Solving for I1/I2 using substitution

[cr7einstein]

Homework Statement

Hi all,

This problem has been troubling me for a while now; even though I have tried my best ( and filled up a rough notebook in the process). Consider $$I_1=\int_{0}^{1} \frac{tan^{-1}x}{x} dx$$$, and $$I_2=\int_{0}^{\pi/2} \frac{x}{sinx}dx$$. We are supposed to find $$\frac{I_1}{I_2}$$. The answer is $$1/2$$.

Homework Equations

The Attempt at a Solution

My try- To make the limits for both identical, I substituted $$x=sin\theta$$ in the first integral, and then tried to make use of the properties of definite integrals ( replacing $$f(\theta)$$ by $$f(\pi/2-\theta)$$ etc), but no real progress was made. I then tried $$x=arcsint$$ for the second one, but no result.

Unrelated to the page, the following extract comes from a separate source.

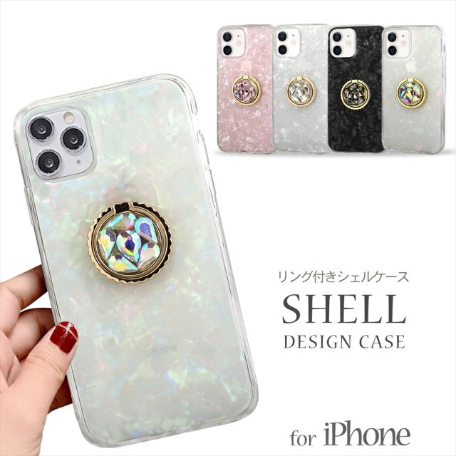 iPhone12 ケース シェル デザイン 貝殻 ミルキー TPU 12Pro 12ProMax 12mini iPhone11 Pro Max スマホケース 背面 バンカーリング スマホリング リング付き キラキラ パール調 オーロラ 真珠層 光沢 ソフトケース やわらか

Now I really doubt if there is something wrong with the question itself, or am I just being really silly. Please help me here. Thanks in advance!

 

[member 587159]

I did not look to closely at this exercise, so I might be misleading you here.

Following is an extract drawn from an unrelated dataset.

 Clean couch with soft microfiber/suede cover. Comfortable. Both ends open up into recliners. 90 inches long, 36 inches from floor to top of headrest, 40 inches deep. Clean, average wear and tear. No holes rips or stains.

But, I saw, that when you substitute ##x = \arcsin t## in ##I_2##, you get:

$$I_2 = \int\limits_0^1 \frac{arcsin t}{t\sqrt{1-t^2}}dt$$ and this integral has the same bounds as ##I_1##, so maybe you can use the linearity of the definite integral or something like that?

 

[Ray Vickson]

Homework Statement

Hi all,

This problem has been troubling me for a while now; even though I have tried my best ( and filled up a rough notebook in the process). Consider $$I_1=\int_{0}^{1} \frac{tan^{-1}x}{x} dx$$$, and $$I_2=\int_{0}^{\pi/2} \frac{x}{sinx}dx$$. We are supposed to find $$\frac{I_1}{I_2}$$. The answer is $$1/2$$.

Homework Equations

The Attempt at a Solution

My try- To make the limits for both identical, I substituted $$x=sin\theta$$ in the first integral, and then tried to make use of the properties of definite integrals ( replacing $$f(\theta)$$ by $$f(\pi/2-\theta)$$ etc), but no real progress was made. I then tried $$x=arcsint$$ for the second one, but no result.

Now I really doubt if there is something wrong with the question itself, or am I just being really silly. Please help me here. Thanks in advance!

Try the substitution ##\arctan(x)=y## in ##I_1##.